Le 26 mars 2021, trois sous-marins russes ont fait simultanément surface à travers la banquise du pôle Nord en brisant une épaisseur d’1,5 mètre de glace lors de l’exercice arctique "Umka-2021" qui a débuté le 20 mars.

Les spécialistes ont identifié deux submersibles 667BDRM Delfin.
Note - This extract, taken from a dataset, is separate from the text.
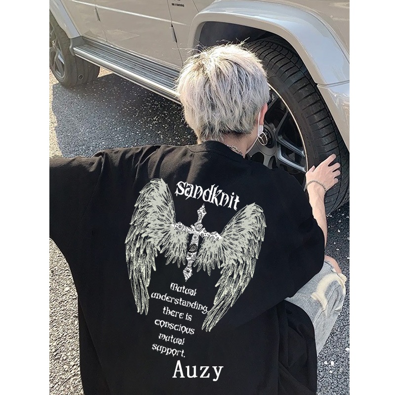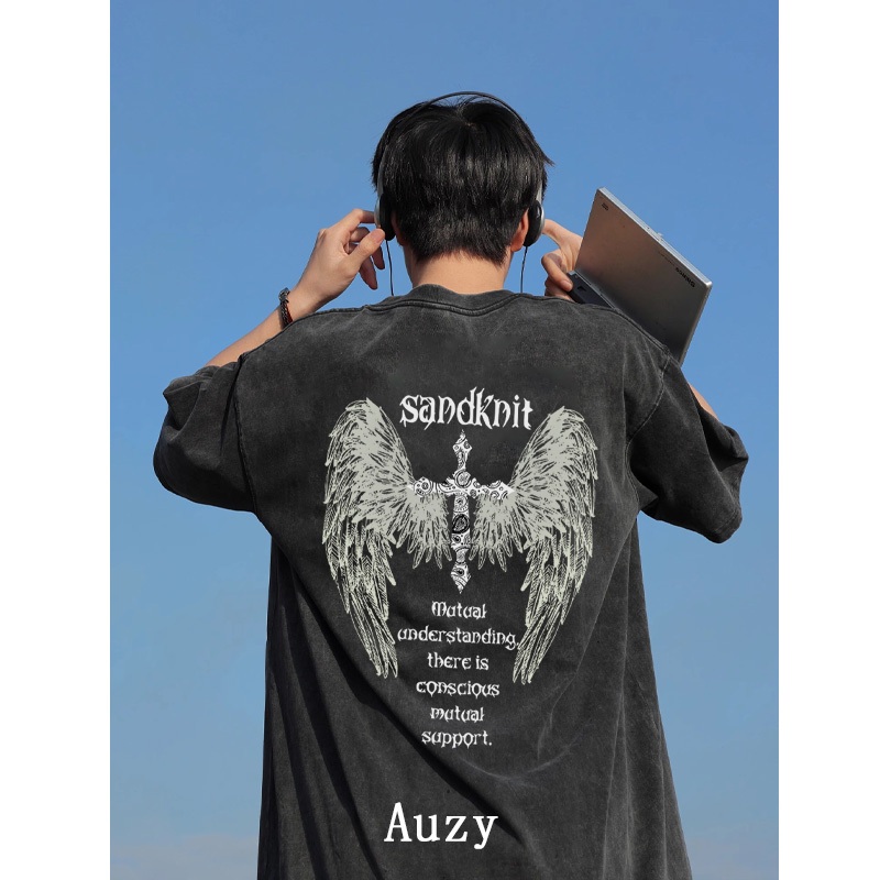 AUZY Hitam washed Retro Amerika Menyeberang Aayap Malaikat kaos pria wanita T shirt baju oversize t shirt distro

Il est possible que le troisième soit un sous-marin de classe 955 Borei II dont le seul exemplaire actuellement en service à la mer est le Knyaz Vladimir (Prince Vladimir). Six autres exemplaires de même facture devraient être lancés d’ici 2027 remplaçant peu à peu les Delfin.
Ces derniers qui sont aptes à plonger jusqu’à 320 mètres peuvent être armés de 16 missiles R-29RMU Sineva armés de quatre ogives nucléaires.
Le Borei II qui peut plonger à une profondeur de 450 mètres emporte aussi 16 missiles RSM-56 Bulava qui sont équipés de 6 à 10 têtes nucléaires.
Ces deux types de sous-marins peuvent tirer en plongée leurs missiles depuis une profondeur maximum d’une cinquantaine de mètres, mais bien sûr pas sous la glace.
Il est vraisemblable que les trois bateaux n’étaient pas dotés d’armes nucléaire pour cet exercice qui relève de la guerre psychologique menée contre l’OTAN et plus particulièrement contre les Américains.
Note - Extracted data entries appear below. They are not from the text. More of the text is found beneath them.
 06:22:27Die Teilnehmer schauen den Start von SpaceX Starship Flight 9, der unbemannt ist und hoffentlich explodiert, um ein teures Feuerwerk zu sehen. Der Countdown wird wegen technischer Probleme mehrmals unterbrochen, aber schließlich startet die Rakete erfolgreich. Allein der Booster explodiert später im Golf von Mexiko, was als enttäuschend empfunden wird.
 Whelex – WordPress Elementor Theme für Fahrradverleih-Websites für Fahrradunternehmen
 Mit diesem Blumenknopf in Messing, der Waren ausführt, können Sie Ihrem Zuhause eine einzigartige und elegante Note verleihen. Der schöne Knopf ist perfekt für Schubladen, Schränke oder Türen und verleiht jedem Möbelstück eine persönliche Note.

Deux intercepteurs MiG-31 Foxhound accompagnés d’un ravitailleur IL-78 ont survolé l’Arctique au même moment alors que des troupes au sol menaient des manoeuvres d’aguerrissement au combat par grand froid, la température atteignant les -25°/ -40° avec des vents dépassant les 100 kilomètres/heure. Le tout était filmé et tournait en boucle sur les différentes chaînes de télévision russes: une belle opération de propagande autant destinée à l’intérieur qu’à l’extérieur.
L’amiral Nikolai Yevmenov, le commandant de la Marine russe (voir photo) a rendu compte le jour même au président Vladimir Poutine du bon déroulement de ces manoeuvres qui avait un but militaire mais aussi scientifique engageant en particulier la Société géographique nationale russe.

Tous les sous-marins nucléaires lance engins naviguent sous la protection des glaces polaires car cela rend très difficile leur repérage. Sur un plan strictement tactique, ces bateaux sont destinés à délivrer une frappe de riposte après que leur pays d’origine ait été rayé de la carte – ou gravement atteint – par une agression adverse. Ils ont donc le temps qu’ils veulent (qui peut se compter en semaines ou même en mois) pour quitter leur position discrète sous la banquise pour se rendre sur un site de lancement favorable afin de délivrer l’apocalypse pour « venger » leur patrie de l’agression subie. C’est cela la dissuasion qui doit empêcher tout excès dans l’utilisation de la force militaire.

Si le fait de faire surface en brisant la glace est rare pour les sous-marins russes, les Américains le font au moins une fois par an lors des « Exercices glace » (ICEX).

Il est évident que l’Arctique est devenu une zone stratégique où s’opposent les Occidentaux, les Russes et, pour le moment dans une bien moindre mesure, les Chinois. Le réchauffement climatique et le recul des glaces a bouleversé la donne offrant de nouvelles opportunités économiques, particulièrement dans le domaine des prospections minières offshore mais aussi en ouvrant une nouvelle route maritime nordique. L’incident du canal de Suez neutralisé durant plus d’une semaine par l’incident du porte-containers Ever Given fait réfléchir de nombreux armateurs. Or, Rosatom met en oeuvre une flotte de brise-glaces à propulsion nucléaire qui sont pour le moment uniques.

Il est répété à satiété que le budget de la défense russe et dix fois inférieur à celui des Américains. Deux éléments sont toutefois à prendre en compte :
. les Américains veulent couvrir la planète entière alors que les Russes ne se soucient que de leurs zones d’intérêts ;
. les militaires et les matériels russes coûtent beaucoup moins cher que leurs homologues occidentaux.
Il n’empêche que le Kremlin a été obligé de faire des choix, par exemple en laissant pour le moment les porte-aéronefs de côté pour privilégier le développement de sa flotte sous-marine essentiellement chargée de la dissuasion nucléaire et de la défense des approches maritimes russes.

1. Voir article sur raids.fr du 15 juin 2020 : « La modernisation de la flotte sous-marine russe se poursuit ».